(Provided data)
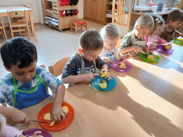 Společně jsme se také věnovali poznávání ovoce a zeleniny a dokonce jsme si uvařili chutný bramborový salát.
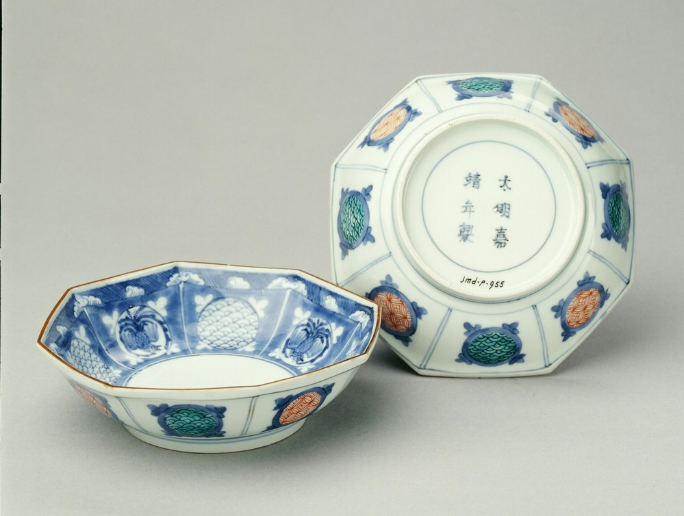 Achthoekige diepe Kakiemon schotel op voetring, opstaande kant. Versierd in onderglazuur blauw, ijzerrood en groen. De acht wandvakken aan de binnenzijde zijn elk versierd met een cirkel op een blauwe grond met daarin om en om een schubmotief en een vliegende phoenix; om de cirkels als hoekvulling een driepas-vormig motief in wit uitgespaard. De rand met evenwijdige schuine strepen en schuimkop-motieven. Het centrum is onversierd. In de wandvakken op de buitenzijde eenzelfde cirkel met driepas-motieven in blauw, om en om gevuld met schubmotieven in groen en cash-motieven in ijzerrood. Onder op de bodem het zes-karakter merk Jiajing in een cirkel. Bruine rand.
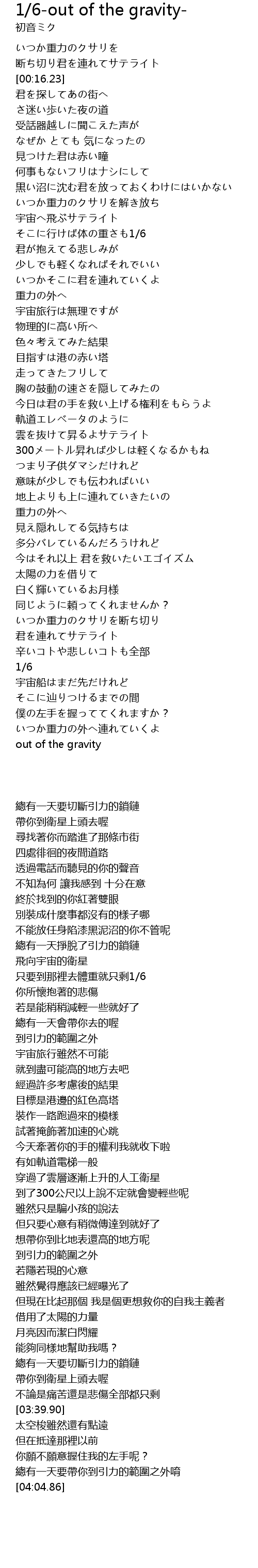 | [01:08.47] | そこに行けば体の重さも1/6 |
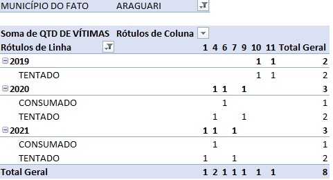 No município de Araguari foram registrados, no ano passado, três casos de feminicídios, um consumado e dois tentados, mesma situação de 2020. Já em 2022, nos cinco primeiros meses, não houve nenhuma ocorrência desse tipo, de acordo com os dados abertos da Secretaria de Estado de Justiça e Segurança Pública (Seds/MG).
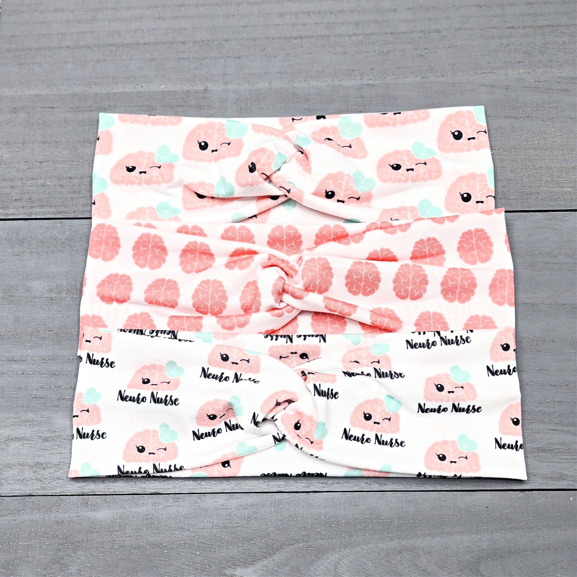 Choose from three different neuro nurse print headbands with front knot detail. Handmade from lightweight and comfortable jersey knit fabric for everyday wear. Also available in a 5" width.

(Work item) Reproduce the entries above exactly, without images.

(Response to the task)
 Společně jsme se také věnovali poznávání ovoce a zeleniny a dokonce jsme si uvařili chutný bramborový salát.
 Achthoekige diepe Kakiemon schotel op voetring, opstaande kant. Versierd in onderglazuur blauw, ijzerrood en groen. De acht wandvakken aan de binnenzijde zijn elk versierd met een cirkel op een blauwe grond met daarin om en om een schubmotief en een vliegende phoenix; om de cirkels als hoekvulling een driepas-vormig motief in wit uitgespaard. De rand met evenwijdige schuine strepen en schuimkop-motieven. Het centrum is onversierd. In de wandvakken op de buitenzijde eenzelfde cirkel met driepas-motieven in blauw, om en om gevuld met schubmotieven in groen en cash-motieven in ijzerrood. Onder op de bodem het zes-karakter merk Jiajing in een cirkel. Bruine rand.
 | [01:08.47] | そこに行けば体の重さも1/6 |
 No município de Araguari foram registrados, no ano passado, três casos de feminicídios, um consumado e dois tentados, mesma situação de 2020. Já em 2022, nos cinco primeiros meses, não houve nenhuma ocorrência desse tipo, de acordo com os dados abertos da Secretaria de Estado de Justiça e Segurança Pública (Seds/MG).
 Choose from three different neuro nurse print headbands with front knot detail. Handmade from lightweight and comfortable jersey knit fabric for everyday wear. Also available in a 5" width.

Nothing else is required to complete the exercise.